Soon, another ten minutes drifted by like dandelion fluff. Yumigawa Senki gathered the leaves into a neat mound, a brown hill waiting for winter.
“Alright! I’m sweeping!” Her shout cracked the still air like a firecracker.
Pfft!!
The leaves exploded into chaos again, a brown storm worse than before. This time, not only the dustpan, even the broom snapped, a fallen branch in two.
“…” The silence pressed down like snow.
The half pastry in my hand almost fell, a doomed comet, but Little Sis flashed in and caught it. Even so, I had no words, my thoughts blank as fog. Could Yumigawa Senki be that rare oddity—the kind who absolutely can’t learn a certain skill? With her talent in cultivation towering like a mountain, it was very possible.

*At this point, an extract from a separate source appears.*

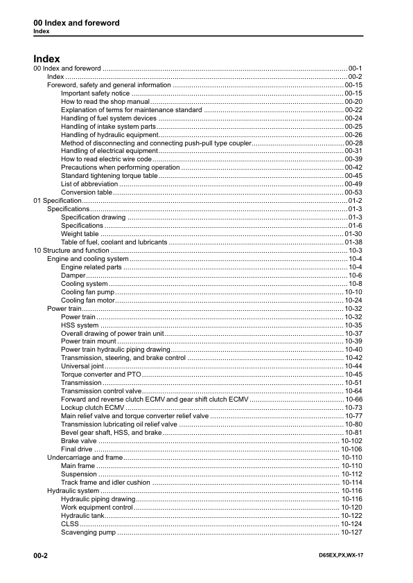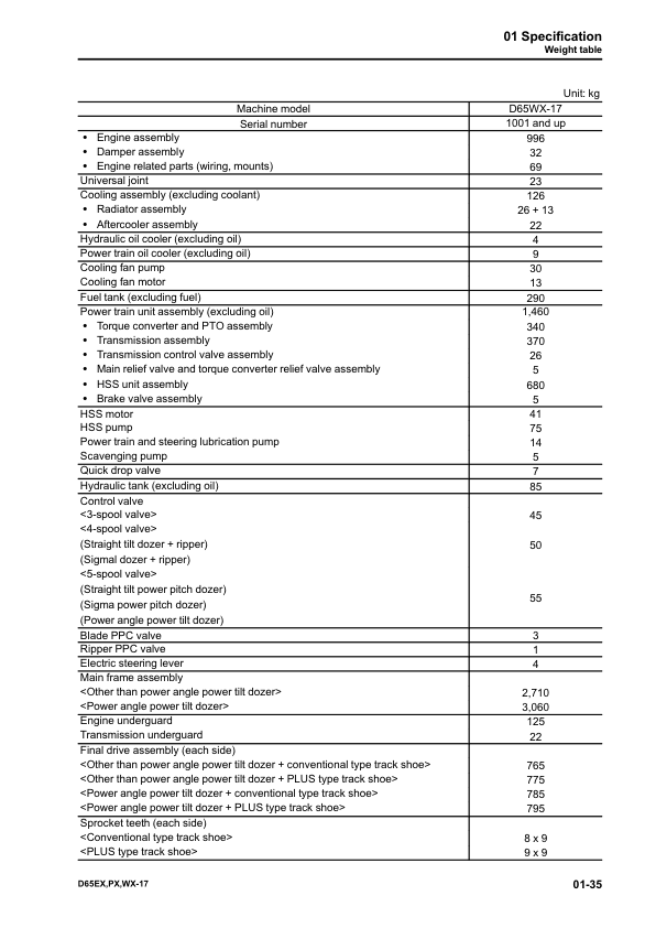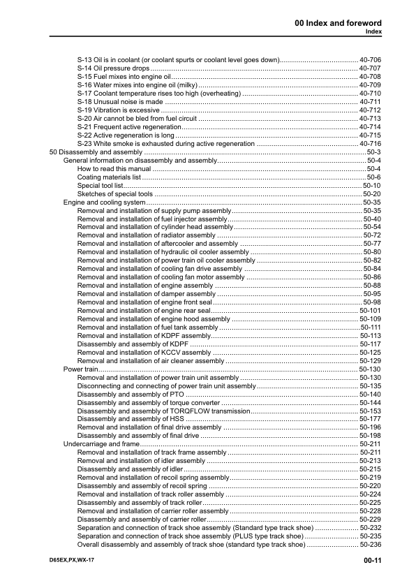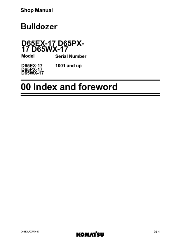 Komatsu D65EX-17 D65PX-17 D65WX-17 Bulldozer Workshop Manual SN 1001 and UP
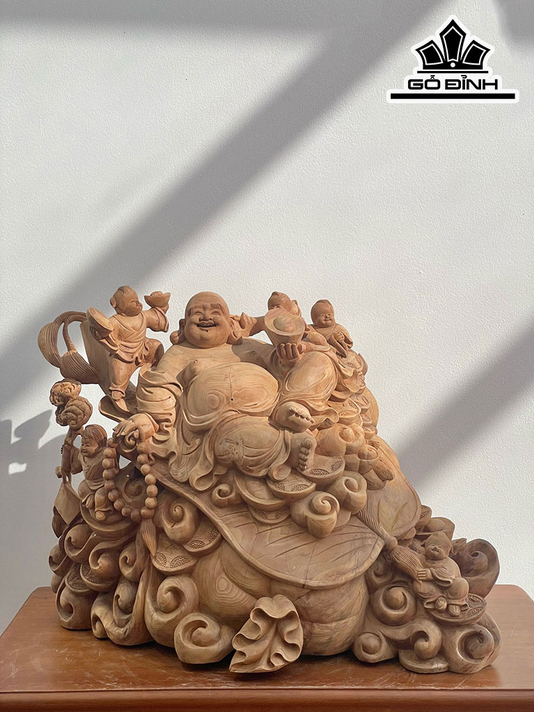 Tượng Phật Di Lặc Ngũ Phúc Gỗ Ngọc Am Cao 45 Ngang 60 Sâu 30 (cm)

“Qianji Sister…” Little Sis stared, eyes round as moons.
“Yumigawa Senki… wahahaha!” Elyar burst into laughter, image be damned, laughter rolling like thunder.
“Uh, I almost had it! How about I try once more?” Yumigawa Senki said, a bit embarrassed, her gaze skittering like minnows. Her fingers toyed with her vivid gold hair, now loose because I’d asked for it, bright as spilled sunlight.
“…” The air held its breath like a pond at dusk.